Puzzle: Consider a variant of chess where black has to start with $1...e5$ regardless of white's first move. All other rules remain unchanged. Prove that in this variant, white can at least force a draw.

I have told this it to several people, and some of them seem to think that my solution is wrong.

Solution: consider the position where white has a pawn on $e4$ and black has a pawn on $e5$, with all other pieces at their starting positions. Let's refer to this position as $P$, the player with the next move as player $1$, and the other player as player $2$. Then according to Zermelo's Theorem, starting from position $P$, either player $1$ can force a win, or player $2$ can force a win, or they can both force a draw.

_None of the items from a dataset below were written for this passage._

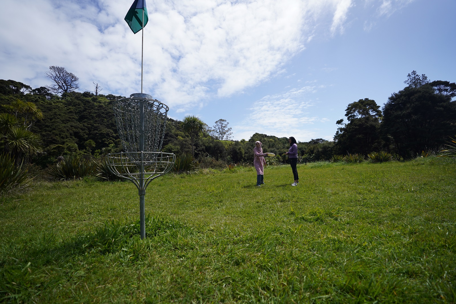 Make a full weekend of it and stay at Pae o te Rangi campground near the edge of the regional park. A 20-minute walk south from the disc golf course, you can pitch your tent in a fenced grassy space surrounded by a working farm with fantastic northern views of the Waitākere Ranges. The hills surrounding the campground stop the light pollution providing great starry views at night.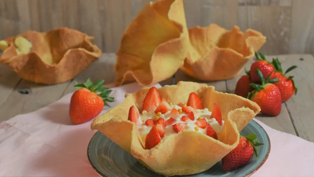 Meine Idee war es, wellige Dessertschalen aus Mandelmürbeteig zu backen und sie mit einer frischen Zitronencreme und saftigen Erdbeeren zu füllen. Entdecke mein Rezept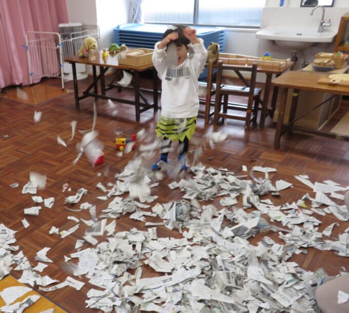 新聞紙をひたすらひたすらビリビリビリビリと破って・・・・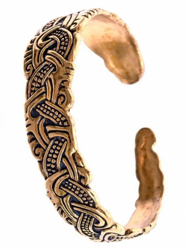 Vikingský bronzový náramek ve stylu Mammen, vytvořen po vzoru „Thorleifova kříže“ z Isle of Man.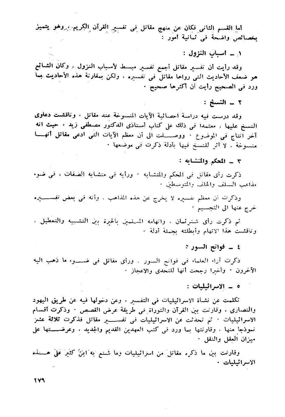 ذكرت راى مقاتل فى المحكم والمتشابه. ورأيه فى متشابه الصفات، فى ضوء مذاهب السلف والخلف والمتوسطين.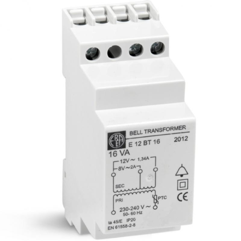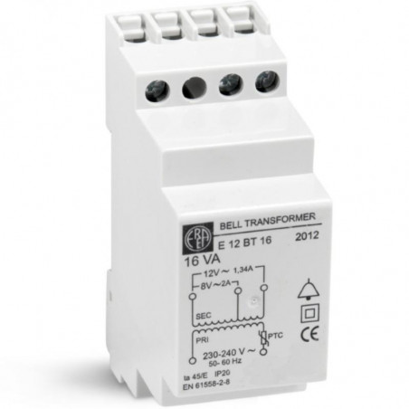 Marque: EREARéférence: E 12BT16Description: 1ph Transfo de securite - sonnerie 2 mod - 0-230V 0-8-24V - P 16VAEmballage: 4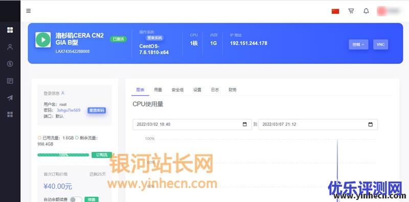 TmhHost采用智简魔方管理面板,功能还是很丰富的,虽然没有阿里云腾讯云这样的大厂云的后台那么功能繁多,眼花缭乱,但是该有的功能都有。进入产品管理后就是仪表盘,可以查看自定义时间段内的CPU、硬盘IO、内存和流量的使用情况;功能操作方面除了可以开关机、重启等基本操作外,还提供VNC远程控制,设置安全组、挂载自定义ISO、设置启动项等等。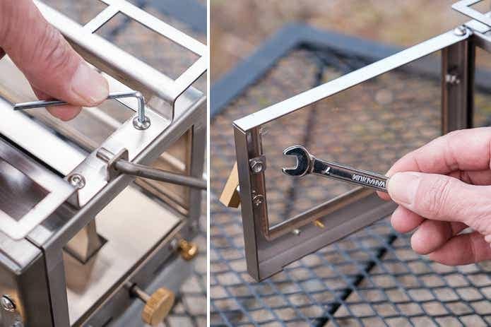 そして六角レンチとスパナ。これらは汚れを除去するメンテナンスで役立つでしょう。レンチではゴトクやドアを取り外すことができ、スパナを使えば耐熱ガラスを外すことができます。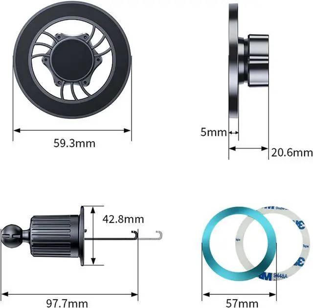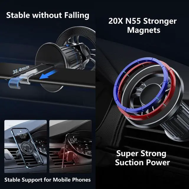 [2 in 1 fits Magsafe Magnetic Cell Phone Holder for Car] - 2 base suction cup/vent mount base magnetic car mount for flexible placement. Horizontal and vertical vents, dashboards and tables, all places work perfectly. Suitable for all cars, pickups, suv's, cabs, etc. With extension arm and free angle adjustment, they can create a comfortable ambience, or a vivid, bright and refreshing driving atmosphere - which suits your car best.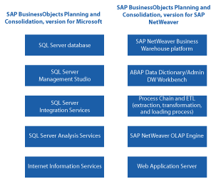 Figure 7 is just an approximation in objects and behaviors. For example, SAP BusinessObjects Planning and Consolidation, version for Microsoft uses SQL Server 2005 or 2008 and SAP BusinessObjects Planning and Consolidation, version for SAP NetWeaver uses SAP NetWeaver BW to perform ETL operations. SAP BusinessObjects Planning and Consolidation, version for Microsoft uses SSIS in comparison with process chains in SAP BusinessObjects Planning and Consolidation, version for SAP NetWeaver.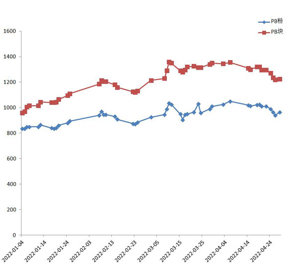 2022年1月-4月 天津港PB块、PB粉价格曲线图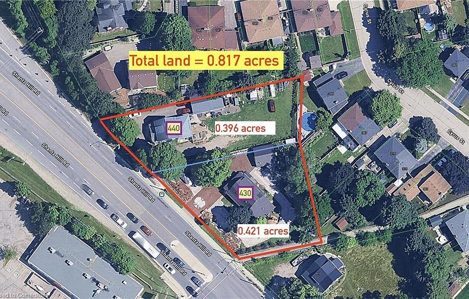 TOTAL - 0.817 ACRES LOT AVAILABLE FOR SALE. 430 Shantz Hill Road Cambridge (0.421 ACRES) (MLS - 40723531) to be sold together with 440 SHANTZ HILL ROAD CAMBRIDGE FEATURING 0.396 acres land with R3 Zoning available for sale with a detached home built on it featuring 6 spacious bedroom, 3 bathroom on a fully fenced and gated land. Additionally, it has a large detached garage/ workshop that is heated, insulated and equipped with hydro ,running water and a portable A/C unit. Just minutes from local amenities, Riverside Park, Schools, and quick access to highway 401. Many possibilities including residential or commercial development. Zoning amendment might be required.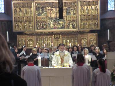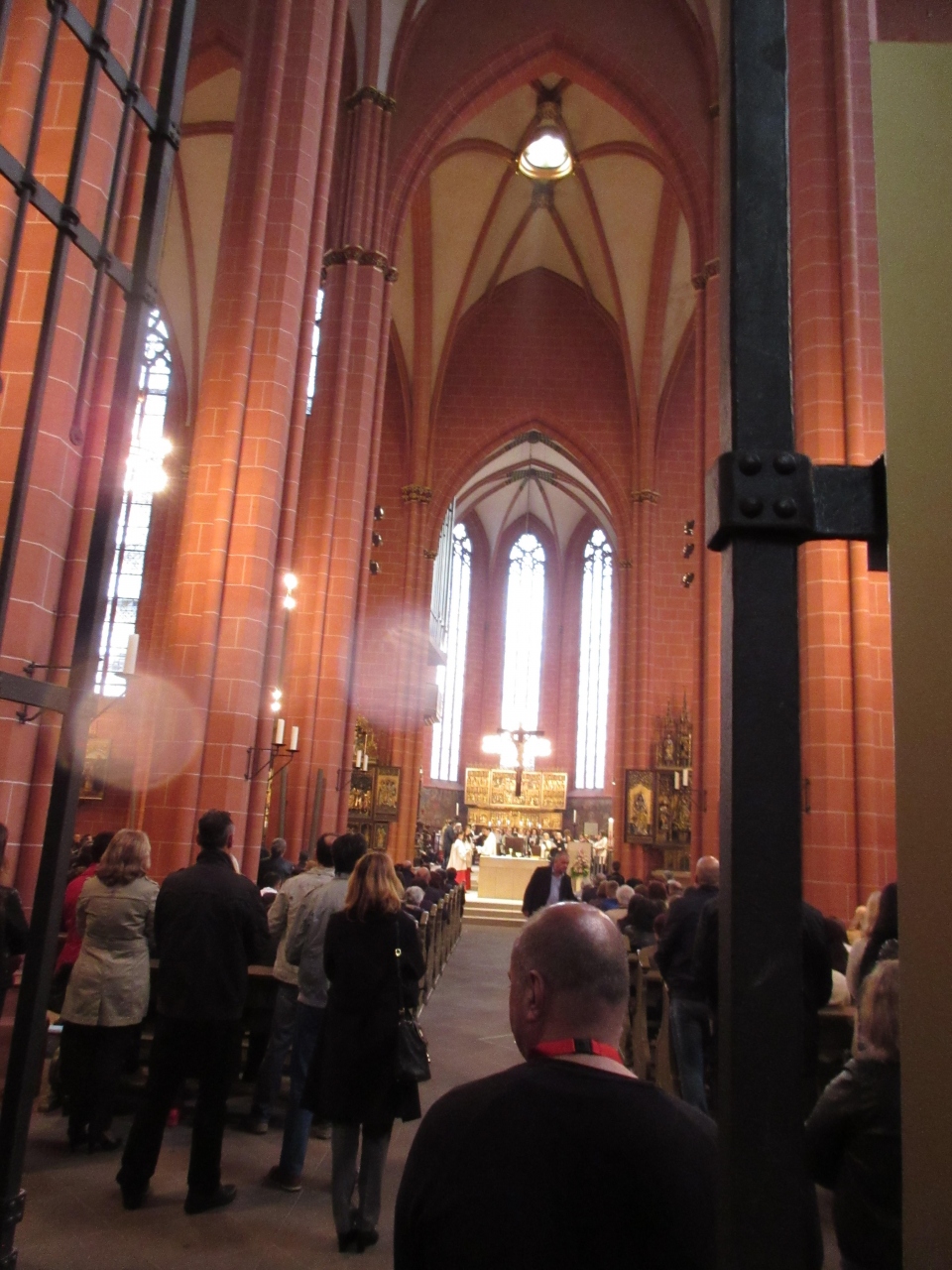 フランクフルトの町のほぼ中心にある。茶色の高い尖塔のある教会。見上げるとかなり高く、空を突き刺しているように感じる。13~15世紀にかけて作られたバロック式の教会である。日曜日に訪れたところ日曜礼拝を多くの人が集まって行っていた。地域の教会であることを実感した。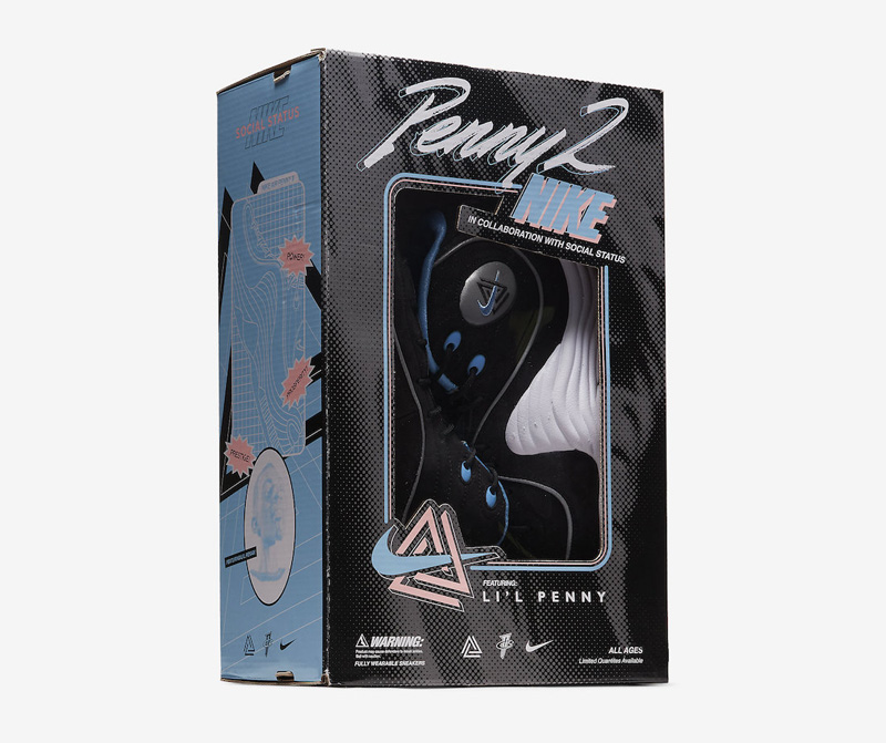 除了鞋款本身,本次联名的鞋盒也是一大亮点,类似于玩具包装风格的设计十分特别,同时随鞋还附赠一个精美的金属材质迷你 Nike Air Penny 2,可见联名鞋款带来的满满诚意。

We consider them one by one:

  • If they can both force a draw starting with position $P$, all white has to do is to reach this position by playing $1.e4$, as black will have to go $1...e5$ which creates position $P$.

  • If player $1$ can force a win, white has to reach position $P$ and be the player with the next move. In this case, white will still play $1.e4$, which is followed by $1...e5$. At this point, position $P$ has been reached and white is the player with the next move.

  • If player $2$ can force a win. White will play $1.e3$ and after black plays $1...e5$, white will play $2.e4$. Now we're in position $P$, and it's black to move. This means that black is player $1$, which makes white player $2$.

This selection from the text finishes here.